Wheat dwarf virus (WDV) belongs to the genus Mastrevirus within the family Geminiviridae, which was first reported in the western parts of the Czech Republic and then in many other parts of the world^18,19. Its ssDNA genome encodes four proteins: the coat protein (CP) and the movement protein (MP) on the viral sense strand and two replication-associated proteins (Rep and Rep A) on the complementary strand¹⁹. The Rep gene of WDV possesses an intron of 86 nucleotides^19,20. The 3′ terminal part of the mp gene also serves as the initiation site of the cp gene, which is translated in the +1 reading frame relative to the mp reading frame¹⁹. The presence of an intron in the Rep gene makes it possible to produce two forms of the replication protein, Rep and Rep A. Splicing out of an intron leads to a larger Rep protein. Large and small intergenic regions (LIR and SIR, respectively) contain regulatory elements for viral replication and transcription. The LIR comprises the origin of the RCR²¹. The SIR contains polyadenylation signals and a region to which a short complementary primer for the second strand synthesis binds²².

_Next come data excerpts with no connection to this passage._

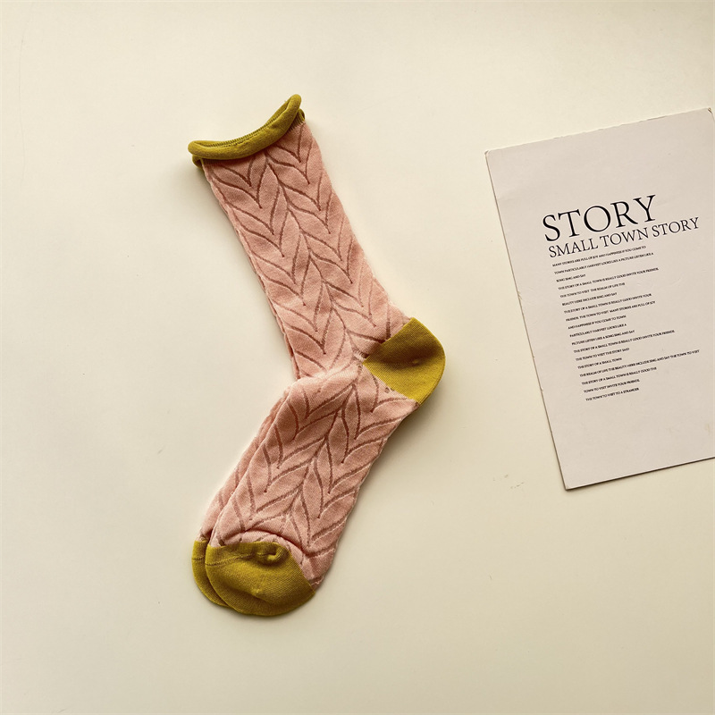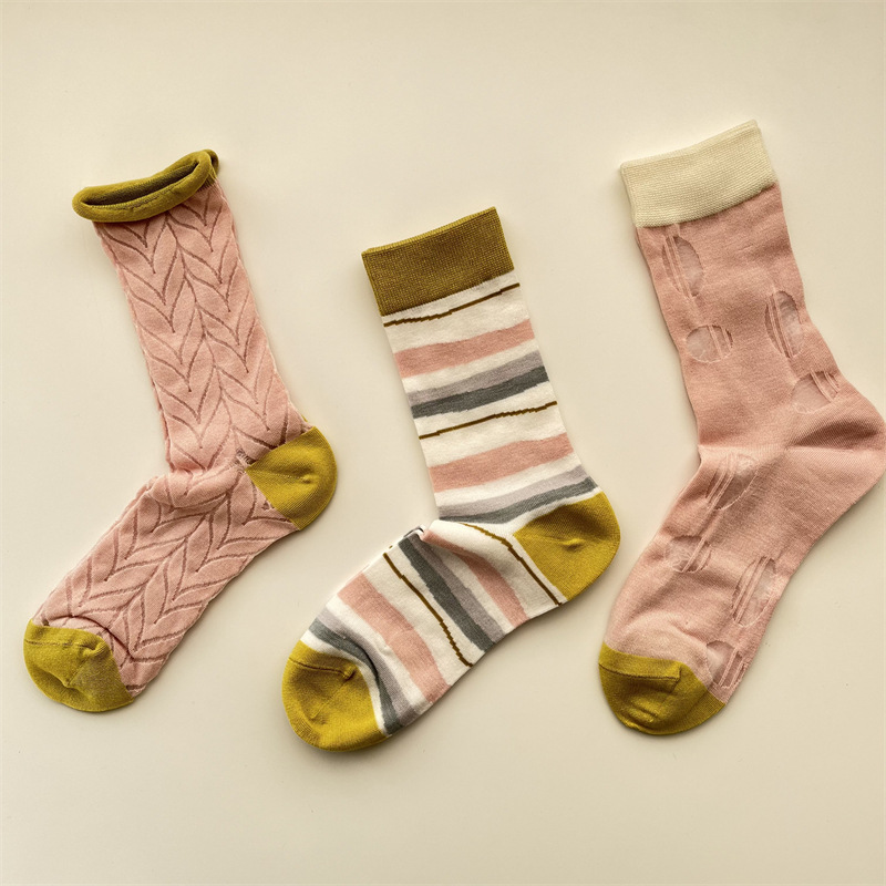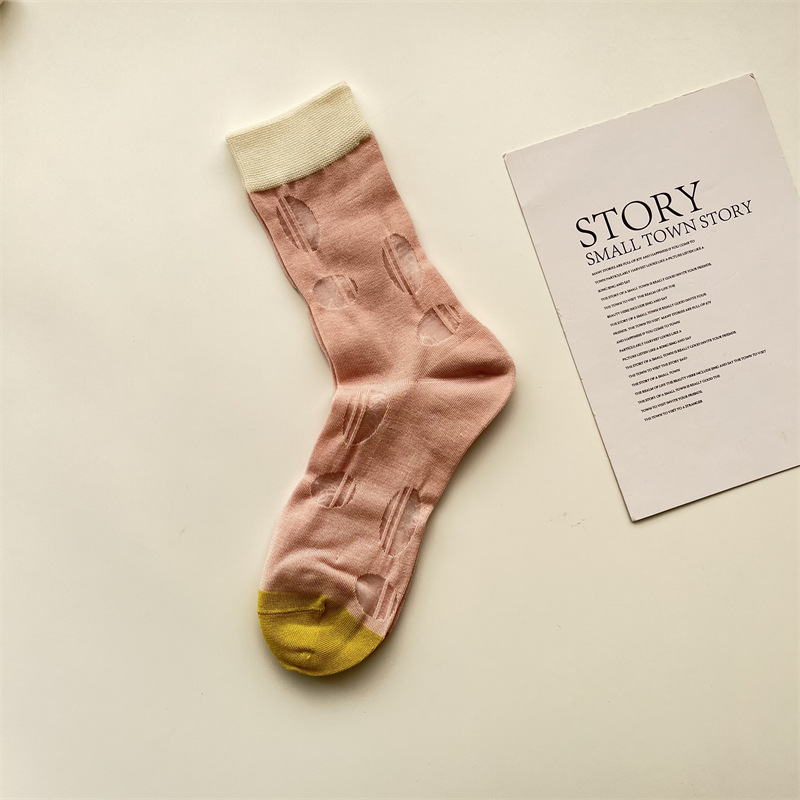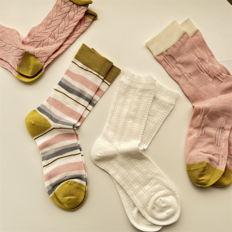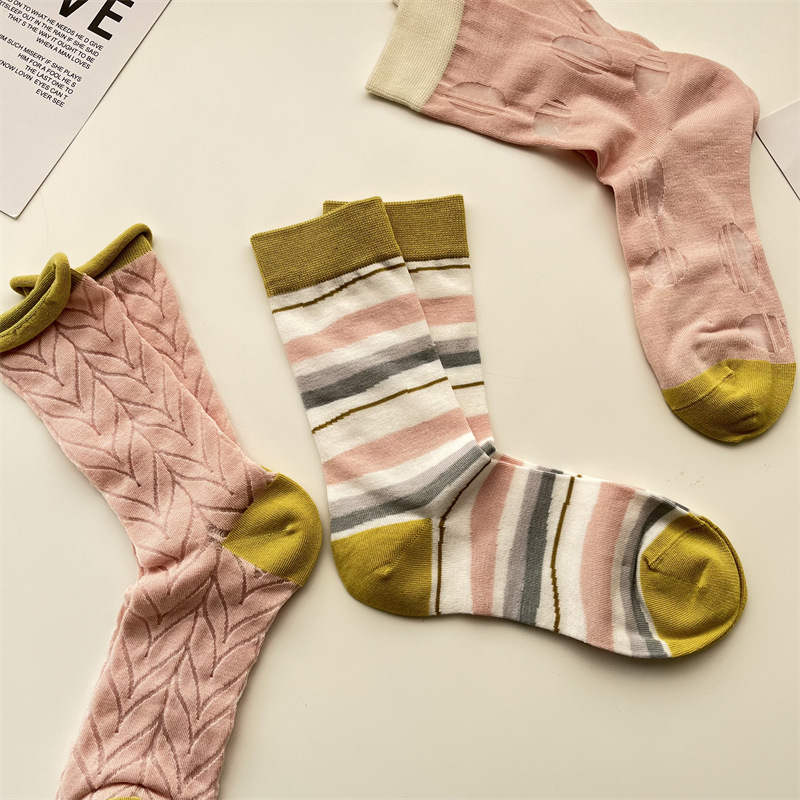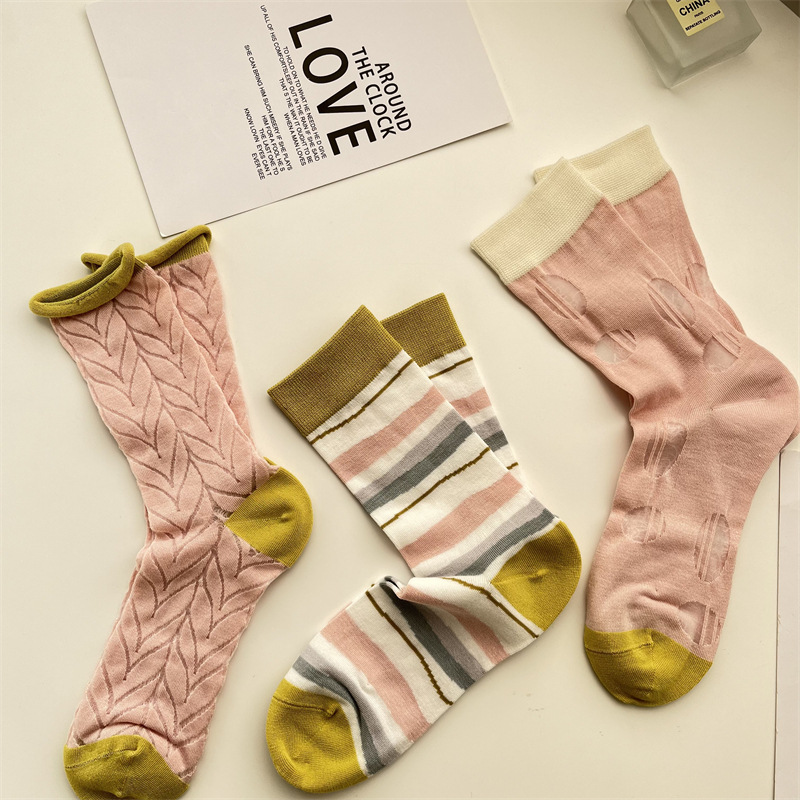 봄과 여름 핑크 얇은 중공 대형 라운드 양말 여성의 일본 복고풍 줄무늬 중반 종아리 양말 컬링 메쉬 여성용 양말
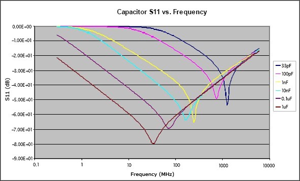 之后,電容的阻抗將呈現出電感性。由此可見,電容器只是在頻率接近或低于其SRF時才具有去耦作用,在這些頻點電容表現為低阻。圖3給出了不同容值下的典型S11參數,從這些曲線可以清楚地看出它們的SRF,還可以看出電容越大,在較低頻率處所提供的去耦性能越好(所呈現的阻抗越低)。
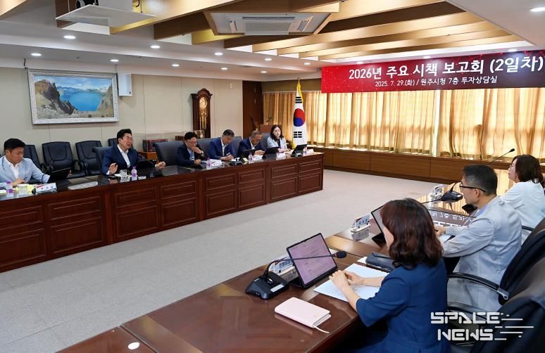 스페이스뉴스 스페이스뉴스 기자 | 원주시는 지난 29일 녪년 주요 시책 보고회’2일차 일정을 진행했다. 이날 보고회에서는 홍보, 민원, 보건, 농업, 교육 등 시민의 삶과 직접 맞닿아 있는 부서의 2026년도 행정 방향과 시민 체감형 시책을 공유하고 실행 전략을 논의했다.
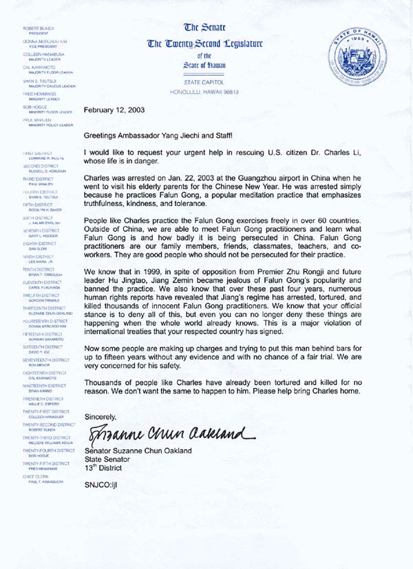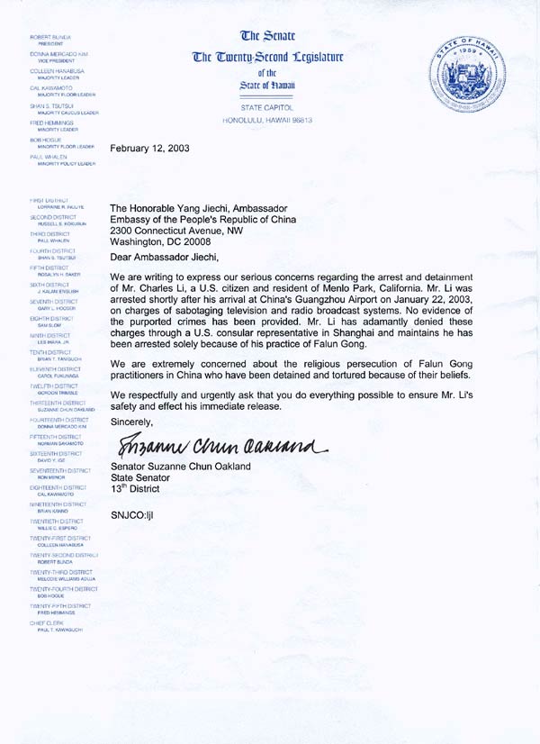 我们向阁下致信表达我们对美国公民,加州门罗帕克居民查尔斯李先生被逮捕和关押一事的深切关注。李先生是于2003年1月22日抵达广州机场不久被逮捕的,被指控破坏电视广播系统。[中方]对这一号称的罪名没有提供任何证据。李先生通过美国驻上海领馆代表坚决否定了对他的指控,并表示他被捕是仅仅因为他修炼法轮功。
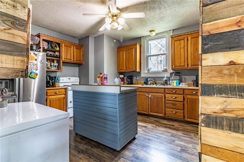 Beautiful 4 bed, 1.5 bath two-story home full of timeless character, ideally located just five blocks from downtown Windsor. Enjoy relaxing on the large wraparound covered front porch, perfect for morning coffee or evening unwinding. Inside, you’ll find newer replacement windows that flood the home with natural light, highlighting the original window and baseboard trim that showcase its authentic charm. The living space features a stunning original brick wood-burning fireplace, adding warmth and classic appeal. The kitchen offers beautiful solid wood cabinetry and a window that brings in even more natural light, creating a bright and inviting space. The property also features a convenient driveway with alley access, offering added functionality and ease of entry.
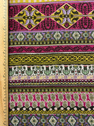 -Purple, Magenta, Brass, Off White, Light Pink, & Brown Multi Horizontal Stripe Print Rayon Challis Fabric

On the basis of a survey of field-derived cereal samples and on DNA sequences of distinct virus isolates, Schubert et al. (2007) proposed that WDV should be divided into three species: WDV, Barley dwarf virus (BDV) and Oat dwarf virus (ODV)²³. Muhire et al. (2013) suggested ODV should be considered as a separate species and that WDV should be divided into five strains (named as A to E) based on genome-wide phylogenetic analyses, which have been approved by the executive committee of the ICTV²⁴. The LIR region was first checked for the recombination breakpoint in population of limited 28 Chinese isolates²⁵, then with larger set of 30 isolates of WDV and recombination between WDV and BDV was uncovered with many more hotspots, including the central part of the cp, the 3′-terminal part of Rep, the 5′-terminal part of Rep/RepA and the SIR²⁶.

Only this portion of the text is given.